### Task instructions
Write out the listing exactly, from its first line through the line holding "或是購票後點選從「會員資訊」-「確認/取消預約」-預約中的行程", but include none of the pictures.

---*---

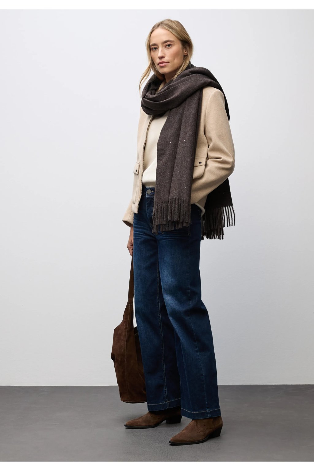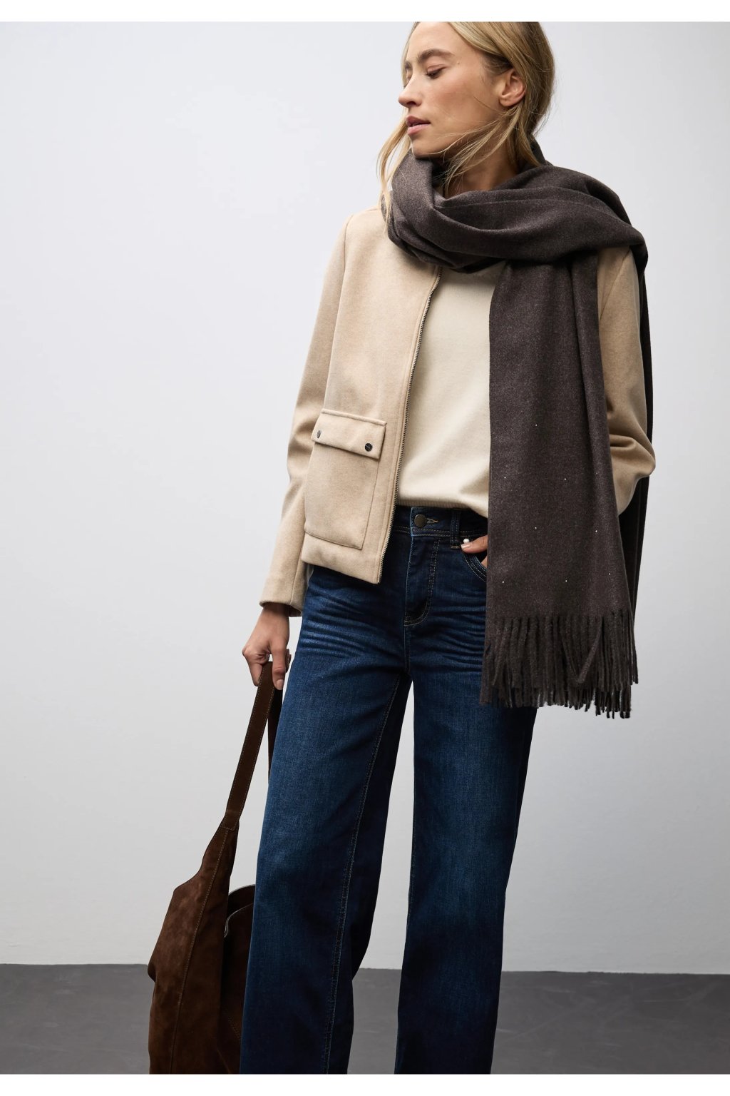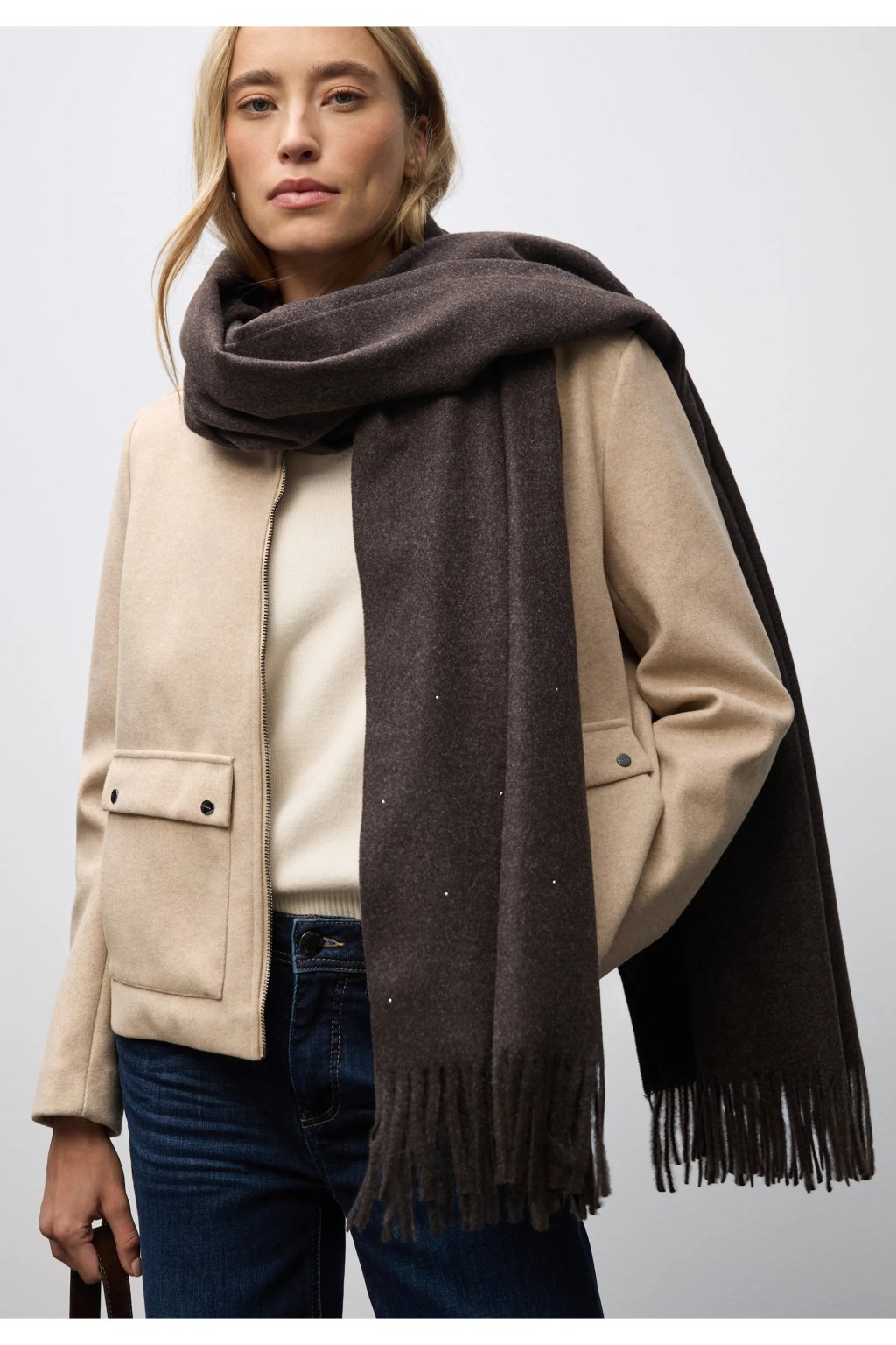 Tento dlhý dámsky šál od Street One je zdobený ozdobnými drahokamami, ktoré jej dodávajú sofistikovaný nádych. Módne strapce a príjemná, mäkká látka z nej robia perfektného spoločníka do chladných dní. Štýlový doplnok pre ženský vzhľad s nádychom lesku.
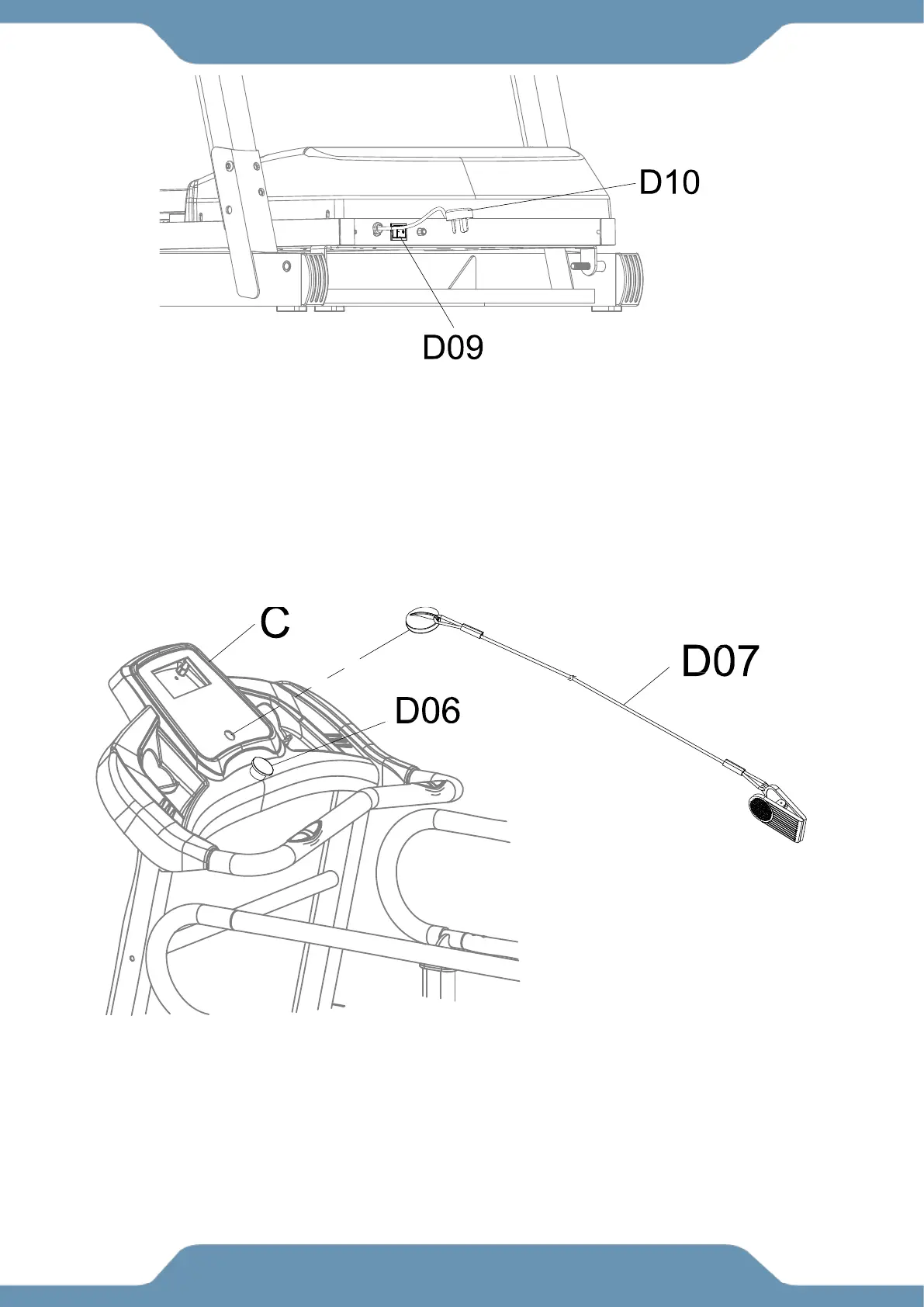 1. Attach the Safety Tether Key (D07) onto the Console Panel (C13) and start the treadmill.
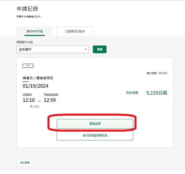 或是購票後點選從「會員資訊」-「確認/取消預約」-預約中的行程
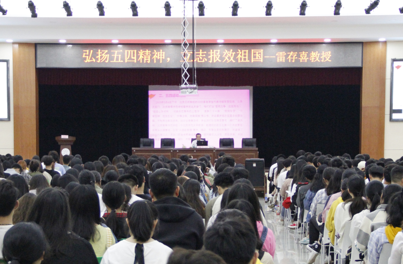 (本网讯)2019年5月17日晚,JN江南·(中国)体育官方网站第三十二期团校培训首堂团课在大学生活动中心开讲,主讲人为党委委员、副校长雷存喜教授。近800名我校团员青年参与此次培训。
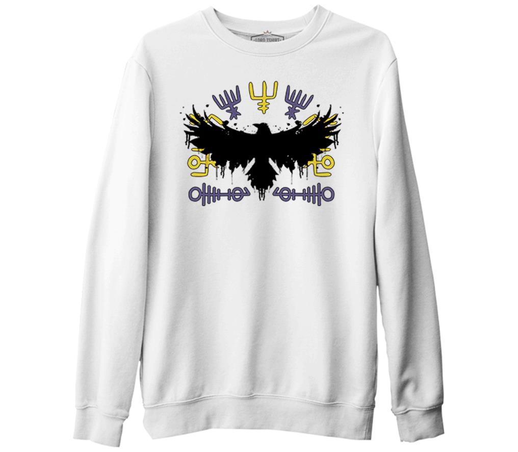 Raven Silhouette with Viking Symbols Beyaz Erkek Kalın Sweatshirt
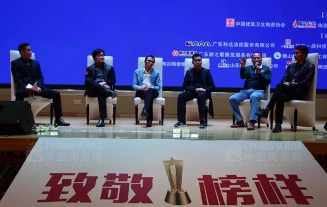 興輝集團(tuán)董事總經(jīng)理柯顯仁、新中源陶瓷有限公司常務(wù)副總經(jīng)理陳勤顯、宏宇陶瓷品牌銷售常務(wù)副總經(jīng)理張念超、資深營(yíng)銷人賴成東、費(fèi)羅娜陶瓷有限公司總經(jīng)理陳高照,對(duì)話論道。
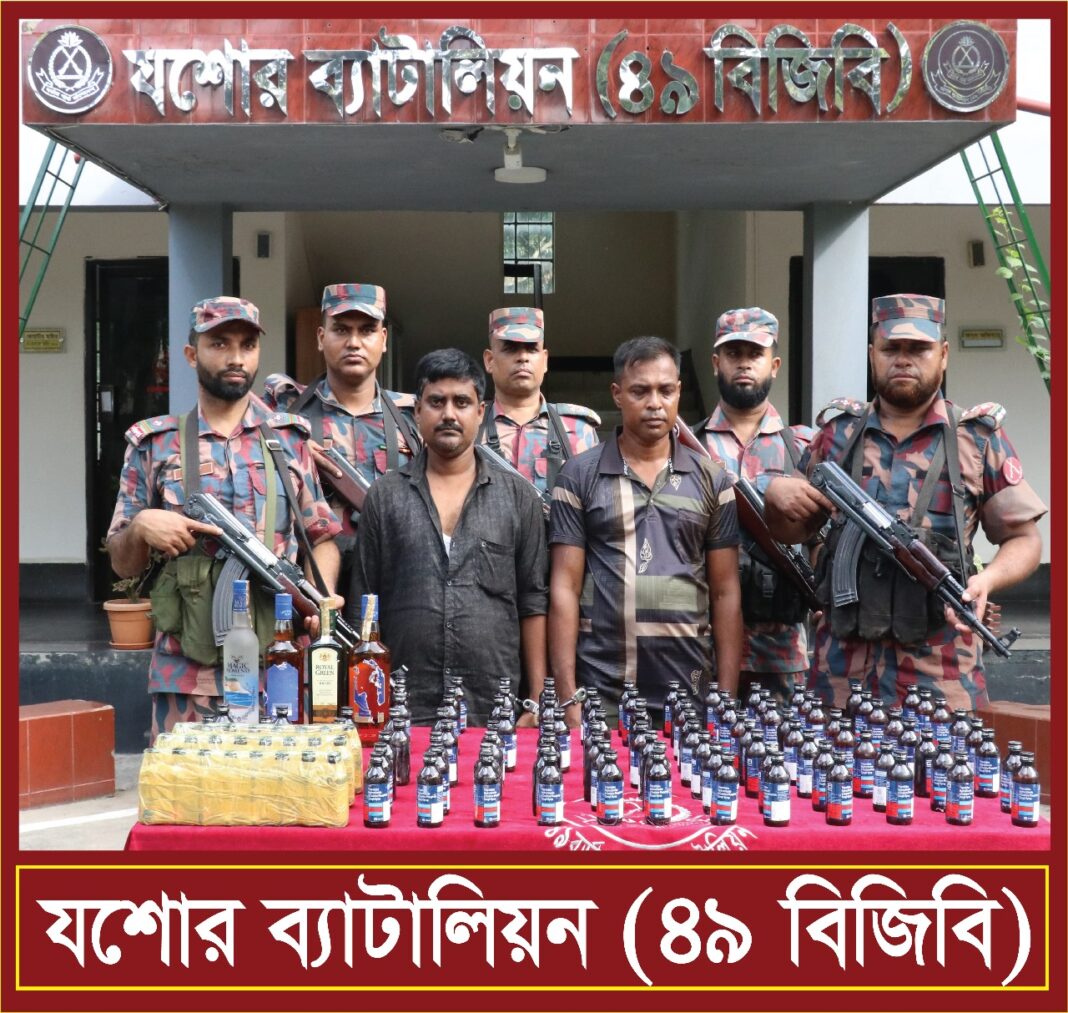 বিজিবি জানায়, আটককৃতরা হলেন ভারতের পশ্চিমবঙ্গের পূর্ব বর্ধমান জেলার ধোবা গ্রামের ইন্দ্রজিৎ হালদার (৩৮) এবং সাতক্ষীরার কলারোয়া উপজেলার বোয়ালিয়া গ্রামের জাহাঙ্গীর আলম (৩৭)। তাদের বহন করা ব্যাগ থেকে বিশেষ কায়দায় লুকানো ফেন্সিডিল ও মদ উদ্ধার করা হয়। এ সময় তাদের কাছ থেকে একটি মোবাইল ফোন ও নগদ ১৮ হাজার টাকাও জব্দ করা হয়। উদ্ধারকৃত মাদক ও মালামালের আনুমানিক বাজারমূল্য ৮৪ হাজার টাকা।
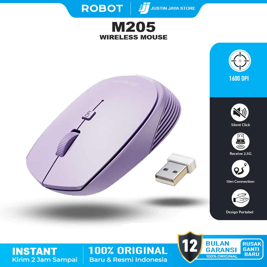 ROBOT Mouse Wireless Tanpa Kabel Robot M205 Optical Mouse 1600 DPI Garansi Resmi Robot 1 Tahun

---*---

### Completed task
 Tento dlhý dámsky šál od Street One je zdobený ozdobnými drahokamami, ktoré jej dodávajú sofistikovaný nádych. Módne strapce a príjemná, mäkká látka z nej robia perfektného spoločníka do chladných dní. Štýlový doplnok pre ženský vzhľad s nádychom lesku.
 1. Attach the Safety Tether Key (D07) onto the Console Panel (C13) and start the treadmill.
 或是購票後點選從「會員資訊」-「確認/取消預約」-預約中的行程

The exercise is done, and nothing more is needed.